++++ THE DATA

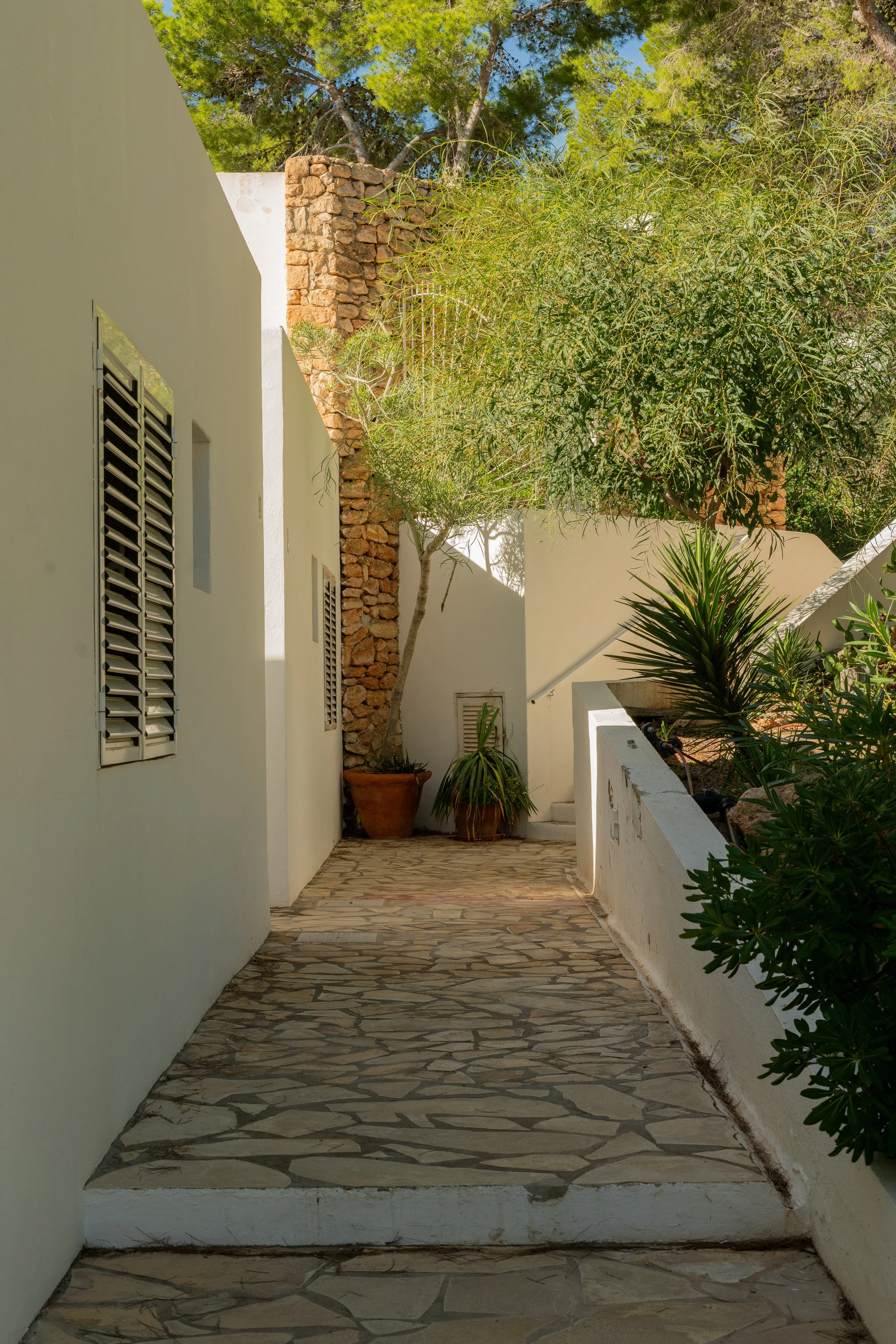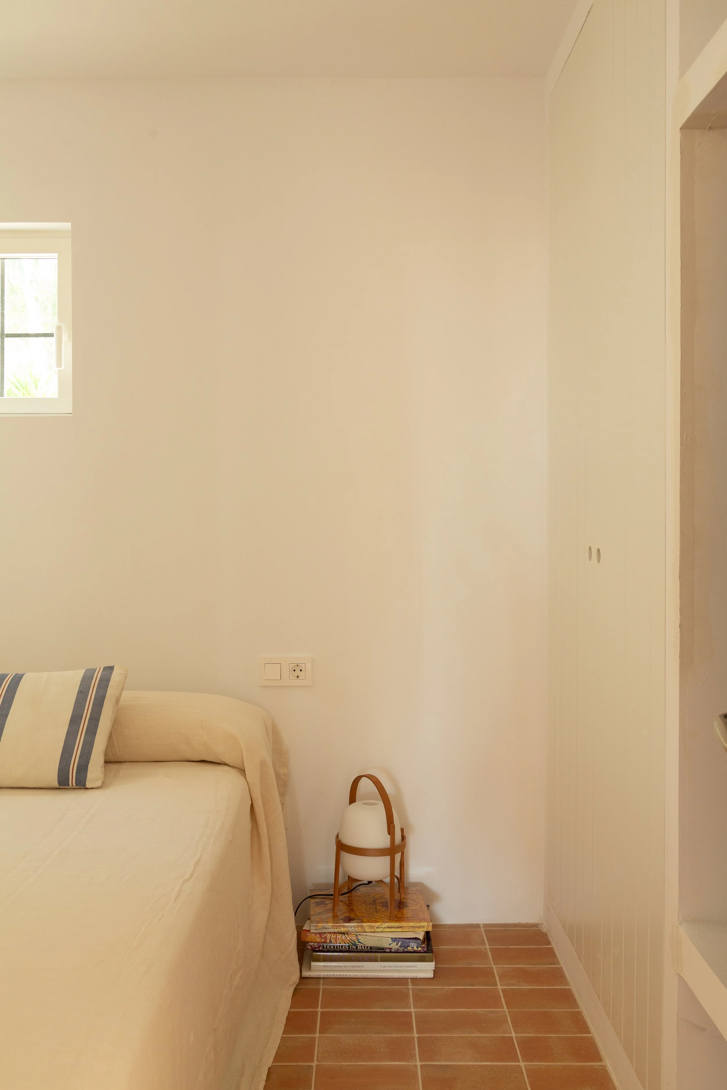 La zona más privada de la casa queda al oeste, donde se sitúan dos habitaciones y un baño alrededor de un distribuidor, que hace también de recepción de la vivienda. Aquí la luz llega suavemente, y la protección de los pinos da sombra en la tarde, así como favorece la ventilación cruzada.
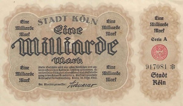 Germany / City of Cologne (notgeld) (Prussian province of Rhine) 1 000 000 marks 1923 vf currency note
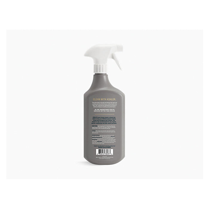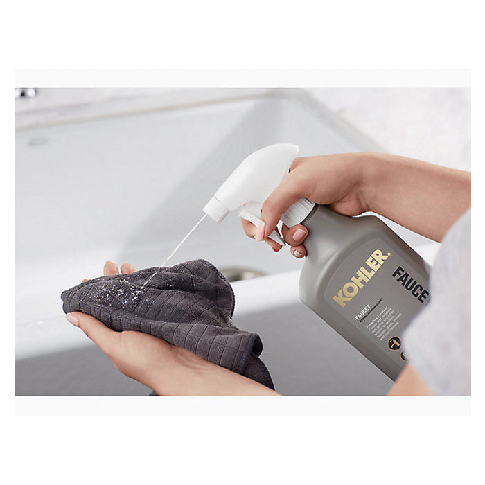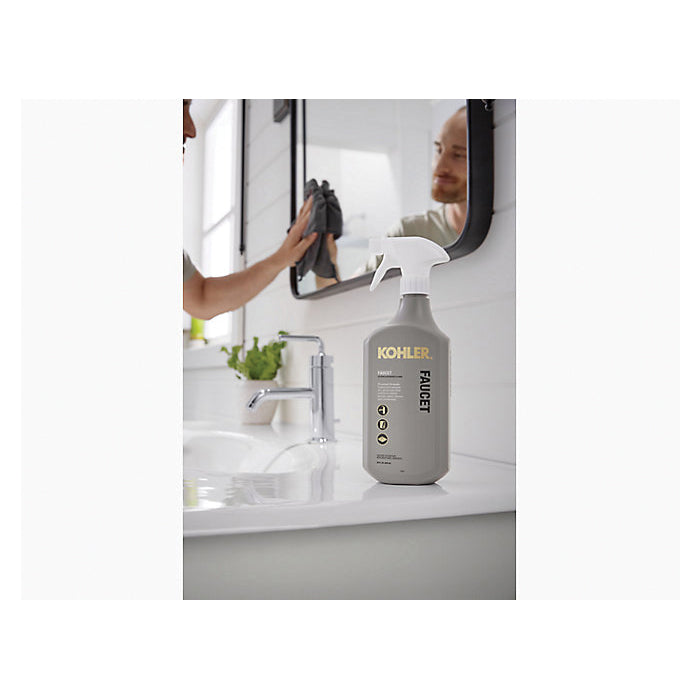 KOHLER premium faucet cleaner cleans and removes dirt, grime and other residue to restore faucets, glass, mirrors and countertops. Leaving a streak-free shine, this cleaner keeps your KOHLER products looking brand-new throughout their lifetime. Features KOHLER | minus Kitchen and bathroom cleaner. Cleans and removes dirt, grime, and other residue on faucets, glass, mirrors, countertops and other natural surfaces. Premium formula leaves a streak-free shine. Ammonia and alcohol-free. 28 fl oz spray bottle. May be used on other branded faucets, glass, mirrors and other natural surfaces, however testing in an inconspicuous area first is recommended.
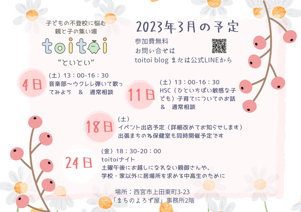 出張まちのね保健室は、学校に行きづらい子どもの子育て経験がある看護師さんがtoitoiに来られます。お子さんの健康面やご自分の体調など、気になることをご相談ください。
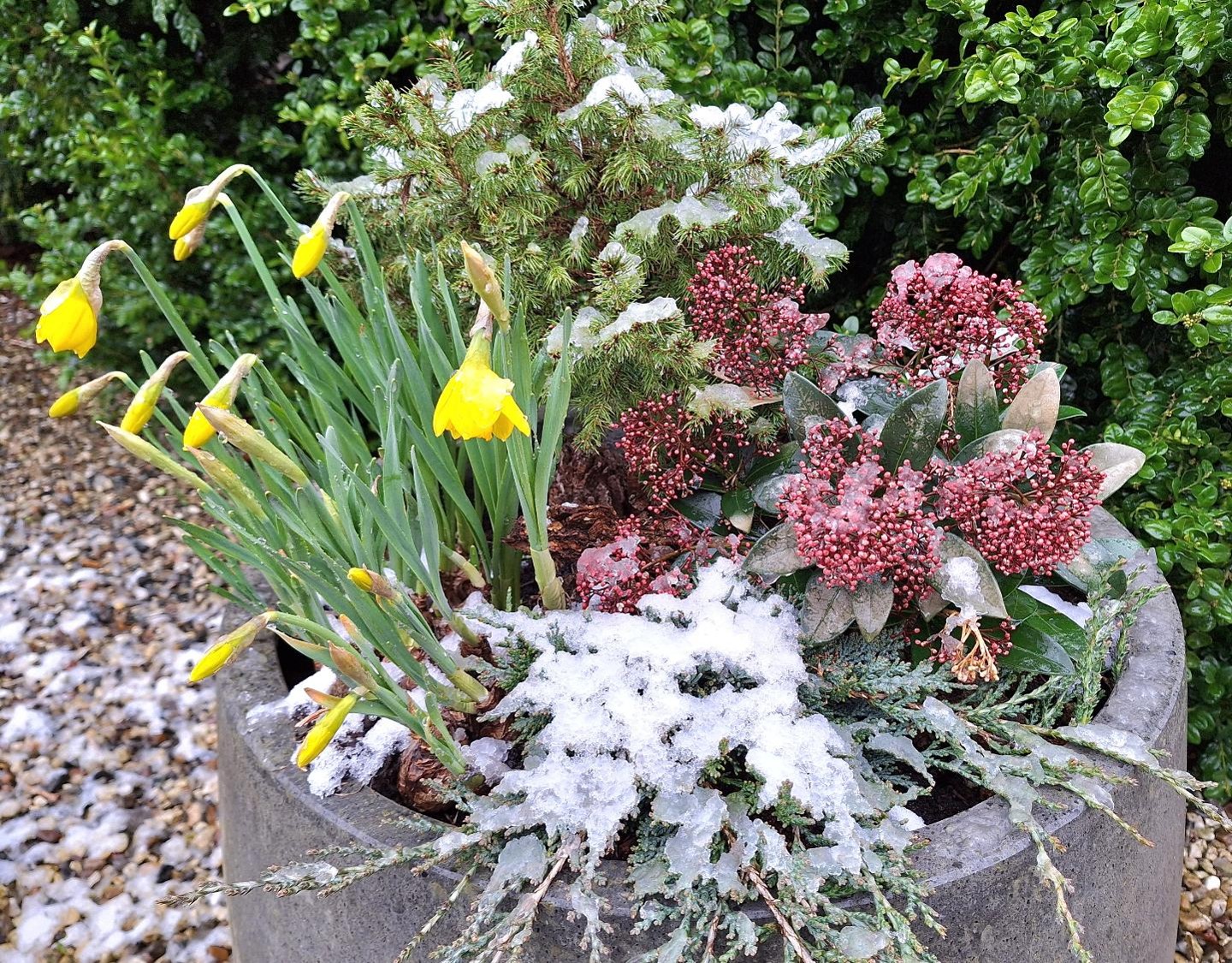 Den bagerste har til gengæld overvintret og har blomstret i hvert fald en måned.
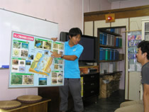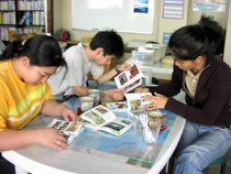 リーフトレイルから戻ってきたら、飲み物片手に、今日のフィールドの場所や地形を確認したり、見た生き物などを図鑑で調べたりして記録付け。
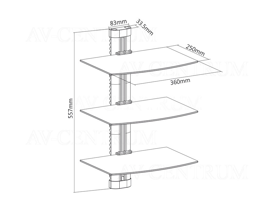 Półka została zaprojektowana dla urządzeń typu DVD, tuner satelitarny. Maksymalna nośność każdej półki to 8 kg.
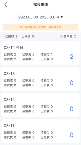 2、各位快递员可以轻松的查看每天的异常件,都可以及时查看详情。

++++++++

Copy exactly the lines from the line containing "リーフトレイルから戻ってきた" through the last line of the records above, both included, and leave out any pictures.

*WORKED SOLUTION*:
 リーフトレイルから戻ってきたら、飲み物片手に、今日のフィールドの場所や地形を確認したり、見た生き物などを図鑑で調べたりして記録付け。
 Półka została zaprojektowana dla urządzeń typu DVD, tuner satelitarny. Maksymalna nośność każdej półki to 8 kg.
 2、各位快递员可以轻松的查看每天的异常件,都可以及时查看详情。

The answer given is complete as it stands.